___ Provided data ___

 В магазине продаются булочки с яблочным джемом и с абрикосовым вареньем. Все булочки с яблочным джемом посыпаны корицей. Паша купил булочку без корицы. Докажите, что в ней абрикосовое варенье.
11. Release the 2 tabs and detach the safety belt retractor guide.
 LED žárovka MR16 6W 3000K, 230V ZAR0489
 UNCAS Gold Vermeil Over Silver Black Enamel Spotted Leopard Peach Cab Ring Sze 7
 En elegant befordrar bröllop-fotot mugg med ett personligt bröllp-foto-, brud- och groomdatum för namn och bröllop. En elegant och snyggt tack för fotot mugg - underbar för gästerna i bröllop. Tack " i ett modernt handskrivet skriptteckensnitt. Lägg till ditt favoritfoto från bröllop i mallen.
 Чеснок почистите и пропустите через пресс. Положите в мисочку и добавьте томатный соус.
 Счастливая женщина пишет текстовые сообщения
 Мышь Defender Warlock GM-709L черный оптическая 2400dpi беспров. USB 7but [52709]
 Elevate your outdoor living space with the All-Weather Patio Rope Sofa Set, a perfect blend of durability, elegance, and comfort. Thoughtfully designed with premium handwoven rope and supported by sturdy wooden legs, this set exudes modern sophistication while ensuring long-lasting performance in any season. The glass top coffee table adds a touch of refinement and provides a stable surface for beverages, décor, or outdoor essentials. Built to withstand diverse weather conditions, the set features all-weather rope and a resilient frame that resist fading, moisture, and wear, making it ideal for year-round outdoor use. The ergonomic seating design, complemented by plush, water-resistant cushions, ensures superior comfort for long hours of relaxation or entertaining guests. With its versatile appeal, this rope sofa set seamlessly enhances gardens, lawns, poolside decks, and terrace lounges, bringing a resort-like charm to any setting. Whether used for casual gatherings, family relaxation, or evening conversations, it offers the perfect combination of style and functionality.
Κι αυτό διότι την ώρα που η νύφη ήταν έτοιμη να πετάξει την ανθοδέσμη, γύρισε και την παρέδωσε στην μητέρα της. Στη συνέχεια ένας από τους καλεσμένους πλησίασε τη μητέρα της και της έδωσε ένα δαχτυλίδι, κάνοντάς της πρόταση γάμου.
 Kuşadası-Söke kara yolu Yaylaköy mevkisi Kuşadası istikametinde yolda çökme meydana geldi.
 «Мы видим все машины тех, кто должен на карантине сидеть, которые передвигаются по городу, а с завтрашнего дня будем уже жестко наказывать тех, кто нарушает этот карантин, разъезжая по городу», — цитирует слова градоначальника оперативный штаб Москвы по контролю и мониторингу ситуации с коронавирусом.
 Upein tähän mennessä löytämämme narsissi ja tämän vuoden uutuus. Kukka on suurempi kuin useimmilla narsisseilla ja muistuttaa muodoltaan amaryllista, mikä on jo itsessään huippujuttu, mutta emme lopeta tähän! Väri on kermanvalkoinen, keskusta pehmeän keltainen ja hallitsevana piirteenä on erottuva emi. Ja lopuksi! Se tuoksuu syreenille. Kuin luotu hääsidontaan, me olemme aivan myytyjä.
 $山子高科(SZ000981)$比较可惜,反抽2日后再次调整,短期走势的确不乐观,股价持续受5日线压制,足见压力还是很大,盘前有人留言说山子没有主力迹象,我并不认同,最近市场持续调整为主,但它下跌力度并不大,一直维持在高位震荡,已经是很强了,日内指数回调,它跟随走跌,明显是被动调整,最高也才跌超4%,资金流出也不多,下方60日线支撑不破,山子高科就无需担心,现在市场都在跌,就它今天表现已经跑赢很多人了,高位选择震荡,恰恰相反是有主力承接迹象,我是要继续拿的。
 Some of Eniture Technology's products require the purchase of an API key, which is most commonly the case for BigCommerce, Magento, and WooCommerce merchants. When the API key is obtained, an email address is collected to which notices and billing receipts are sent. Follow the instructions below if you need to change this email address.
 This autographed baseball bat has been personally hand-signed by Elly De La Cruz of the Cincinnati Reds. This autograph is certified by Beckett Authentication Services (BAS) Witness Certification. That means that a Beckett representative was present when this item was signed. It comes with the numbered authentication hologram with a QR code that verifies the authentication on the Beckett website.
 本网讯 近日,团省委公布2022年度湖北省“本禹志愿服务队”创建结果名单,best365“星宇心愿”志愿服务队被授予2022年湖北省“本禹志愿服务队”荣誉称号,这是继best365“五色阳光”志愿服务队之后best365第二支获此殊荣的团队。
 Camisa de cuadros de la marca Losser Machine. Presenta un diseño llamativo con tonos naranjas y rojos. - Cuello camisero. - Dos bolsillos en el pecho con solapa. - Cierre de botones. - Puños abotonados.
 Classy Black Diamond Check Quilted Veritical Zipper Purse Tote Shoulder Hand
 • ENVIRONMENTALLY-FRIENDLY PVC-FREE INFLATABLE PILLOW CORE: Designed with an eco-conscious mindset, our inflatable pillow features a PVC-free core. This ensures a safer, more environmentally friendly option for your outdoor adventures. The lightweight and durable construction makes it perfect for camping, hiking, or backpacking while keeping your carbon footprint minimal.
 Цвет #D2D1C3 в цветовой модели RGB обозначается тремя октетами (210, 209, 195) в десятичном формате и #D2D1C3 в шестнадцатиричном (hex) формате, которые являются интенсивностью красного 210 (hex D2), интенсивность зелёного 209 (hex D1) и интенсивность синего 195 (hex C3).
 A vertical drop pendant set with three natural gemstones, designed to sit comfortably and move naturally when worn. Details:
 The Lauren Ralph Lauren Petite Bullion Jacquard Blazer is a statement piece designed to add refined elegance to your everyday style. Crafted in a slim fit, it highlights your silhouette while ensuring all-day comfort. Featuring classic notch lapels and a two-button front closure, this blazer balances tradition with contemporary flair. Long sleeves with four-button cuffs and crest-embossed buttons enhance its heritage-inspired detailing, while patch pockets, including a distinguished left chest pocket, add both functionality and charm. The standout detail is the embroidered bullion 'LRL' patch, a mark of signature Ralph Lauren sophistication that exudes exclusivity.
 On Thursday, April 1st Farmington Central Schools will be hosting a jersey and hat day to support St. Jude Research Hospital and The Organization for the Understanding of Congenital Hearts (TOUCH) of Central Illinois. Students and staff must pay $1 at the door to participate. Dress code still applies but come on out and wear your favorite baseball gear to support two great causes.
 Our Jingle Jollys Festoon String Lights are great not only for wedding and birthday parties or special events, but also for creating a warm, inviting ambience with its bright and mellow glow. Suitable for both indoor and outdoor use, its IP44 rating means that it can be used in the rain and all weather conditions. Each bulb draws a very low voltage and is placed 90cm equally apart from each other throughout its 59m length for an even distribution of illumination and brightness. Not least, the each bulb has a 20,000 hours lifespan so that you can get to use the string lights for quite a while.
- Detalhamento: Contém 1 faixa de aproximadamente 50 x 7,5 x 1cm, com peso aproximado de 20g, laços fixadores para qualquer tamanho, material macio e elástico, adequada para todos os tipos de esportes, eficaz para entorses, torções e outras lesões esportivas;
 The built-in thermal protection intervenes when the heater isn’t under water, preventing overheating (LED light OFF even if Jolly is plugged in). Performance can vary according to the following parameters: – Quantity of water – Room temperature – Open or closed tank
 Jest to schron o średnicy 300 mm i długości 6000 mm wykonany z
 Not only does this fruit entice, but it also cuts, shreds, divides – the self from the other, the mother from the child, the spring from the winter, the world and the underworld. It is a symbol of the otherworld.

___

What you should do:
Transcribe every entry exactly as it reads.

Final answer:
 В магазине продаются булочки с яблочным джемом и с абрикосовым вареньем. Все булочки с яблочным джемом посыпаны корицей. Паша купил булочку без корицы. Докажите, что в ней абрикосовое варенье.
11. Release the 2 tabs and detach the safety belt retractor guide.
 LED žárovka MR16 6W 3000K, 230V ZAR0489
 UNCAS Gold Vermeil Over Silver Black Enamel Spotted Leopard Peach Cab Ring Sze 7
 En elegant befordrar bröllop-fotot mugg med ett personligt bröllp-foto-, brud- och groomdatum för namn och bröllop. En elegant och snyggt tack för fotot mugg - underbar för gästerna i bröllop. Tack " i ett modernt handskrivet skriptteckensnitt. Lägg till ditt favoritfoto från bröllop i mallen.
 Чеснок почистите и пропустите через пресс. Положите в мисочку и добавьте томатный соус.
 Счастливая женщина пишет текстовые сообщения
 Мышь Defender Warlock GM-709L черный оптическая 2400dpi беспров. USB 7but [52709]
 Elevate your outdoor living space with the All-Weather Patio Rope Sofa Set, a perfect blend of durability, elegance, and comfort. Thoughtfully designed with premium handwoven rope and supported by sturdy wooden legs, this set exudes modern sophistication while ensuring long-lasting performance in any season. The glass top coffee table adds a touch of refinement and provides a stable surface for beverages, décor, or outdoor essentials. Built to withstand diverse weather conditions, the set features all-weather rope and a resilient frame that resist fading, moisture, and wear, making it ideal for year-round outdoor use. The ergonomic seating design, complemented by plush, water-resistant cushions, ensures superior comfort for long hours of relaxation or entertaining guests. With its versatile appeal, this rope sofa set seamlessly enhances gardens, lawns, poolside decks, and terrace lounges, bringing a resort-like charm to any setting. Whether used for casual gatherings, family relaxation, or evening conversations, it offers the perfect combination of style and functionality.
Κι αυτό διότι την ώρα που η νύφη ήταν έτοιμη να πετάξει την ανθοδέσμη, γύρισε και την παρέδωσε στην μητέρα της. Στη συνέχεια ένας από τους καλεσμένους πλησίασε τη μητέρα της και της έδωσε ένα δαχτυλίδι, κάνοντάς της πρόταση γάμου.
 Kuşadası-Söke kara yolu Yaylaköy mevkisi Kuşadası istikametinde yolda çökme meydana geldi.
 «Мы видим все машины тех, кто должен на карантине сидеть, которые передвигаются по городу, а с завтрашнего дня будем уже жестко наказывать тех, кто нарушает этот карантин, разъезжая по городу», — цитирует слова градоначальника оперативный штаб Москвы по контролю и мониторингу ситуации с коронавирусом.
 Upein tähän mennessä löytämämme narsissi ja tämän vuoden uutuus. Kukka on suurempi kuin useimmilla narsisseilla ja muistuttaa muodoltaan amaryllista, mikä on jo itsessään huippujuttu, mutta emme lopeta tähän! Väri on kermanvalkoinen, keskusta pehmeän keltainen ja hallitsevana piirteenä on erottuva emi. Ja lopuksi! Se tuoksuu syreenille. Kuin luotu hääsidontaan, me olemme aivan myytyjä.
 $山子高科(SZ000981)$比较可惜,反抽2日后再次调整,短期走势的确不乐观,股价持续受5日线压制,足见压力还是很大,盘前有人留言说山子没有主力迹象,我并不认同,最近市场持续调整为主,但它下跌力度并不大,一直维持在高位震荡,已经是很强了,日内指数回调,它跟随走跌,明显是被动调整,最高也才跌超4%,资金流出也不多,下方60日线支撑不破,山子高科就无需担心,现在市场都在跌,就它今天表现已经跑赢很多人了,高位选择震荡,恰恰相反是有主力承接迹象,我是要继续拿的。
 Some of Eniture Technology's products require the purchase of an API key, which is most commonly the case for BigCommerce, Magento, and WooCommerce merchants. When the API key is obtained, an email address is collected to which notices and billing receipts are sent. Follow the instructions below if you need to change this email address.
 This autographed baseball bat has been personally hand-signed by Elly De La Cruz of the Cincinnati Reds. This autograph is certified by Beckett Authentication Services (BAS) Witness Certification. That means that a Beckett representative was present when this item was signed. It comes with the numbered authentication hologram with a QR code that verifies the authentication on the Beckett website.
 本网讯 近日,团省委公布2022年度湖北省“本禹志愿服务队”创建结果名单,best365“星宇心愿”志愿服务队被授予2022年湖北省“本禹志愿服务队”荣誉称号,这是继best365“五色阳光”志愿服务队之后best365第二支获此殊荣的团队。
 Camisa de cuadros de la marca Losser Machine. Presenta un diseño llamativo con tonos naranjas y rojos. - Cuello camisero. - Dos bolsillos en el pecho con solapa. - Cierre de botones. - Puños abotonados.
 Classy Black Diamond Check Quilted Veritical Zipper Purse Tote Shoulder Hand
 • ENVIRONMENTALLY-FRIENDLY PVC-FREE INFLATABLE PILLOW CORE: Designed with an eco-conscious mindset, our inflatable pillow features a PVC-free core. This ensures a safer, more environmentally friendly option for your outdoor adventures. The lightweight and durable construction makes it perfect for camping, hiking, or backpacking while keeping your carbon footprint minimal.
 Цвет #D2D1C3 в цветовой модели RGB обозначается тремя октетами (210, 209, 195) в десятичном формате и #D2D1C3 в шестнадцатиричном (hex) формате, которые являются интенсивностью красного 210 (hex D2), интенсивность зелёного 209 (hex D1) и интенсивность синего 195 (hex C3).
 A vertical drop pendant set with three natural gemstones, designed to sit comfortably and move naturally when worn. Details:
 The Lauren Ralph Lauren Petite Bullion Jacquard Blazer is a statement piece designed to add refined elegance to your everyday style. Crafted in a slim fit, it highlights your silhouette while ensuring all-day comfort. Featuring classic notch lapels and a two-button front closure, this blazer balances tradition with contemporary flair. Long sleeves with four-button cuffs and crest-embossed buttons enhance its heritage-inspired detailing, while patch pockets, including a distinguished left chest pocket, add both functionality and charm. The standout detail is the embroidered bullion 'LRL' patch, a mark of signature Ralph Lauren sophistication that exudes exclusivity.
 On Thursday, April 1st Farmington Central Schools will be hosting a jersey and hat day to support St. Jude Research Hospital and The Organization for the Understanding of Congenital Hearts (TOUCH) of Central Illinois. Students and staff must pay $1 at the door to participate. Dress code still applies but come on out and wear your favorite baseball gear to support two great causes.
 Our Jingle Jollys Festoon String Lights are great not only for wedding and birthday parties or special events, but also for creating a warm, inviting ambience with its bright and mellow glow. Suitable for both indoor and outdoor use, its IP44 rating means that it can be used in the rain and all weather conditions. Each bulb draws a very low voltage and is placed 90cm equally apart from each other throughout its 59m length for an even distribution of illumination and brightness. Not least, the each bulb has a 20,000 hours lifespan so that you can get to use the string lights for quite a while.
- Detalhamento: Contém 1 faixa de aproximadamente 50 x 7,5 x 1cm, com peso aproximado de 20g, laços fixadores para qualquer tamanho, material macio e elástico, adequada para todos os tipos de esportes, eficaz para entorses, torções e outras lesões esportivas;
 The built-in thermal protection intervenes when the heater isn’t under water, preventing overheating (LED light OFF even if Jolly is plugged in). Performance can vary according to the following parameters: – Quantity of water – Room temperature – Open or closed tank
 Jest to schron o średnicy 300 mm i długości 6000 mm wykonany z
 Not only does this fruit entice, but it also cuts, shreds, divides – the self from the other, the mother from the child, the spring from the winter, the world and the underworld. It is a symbol of the otherworld.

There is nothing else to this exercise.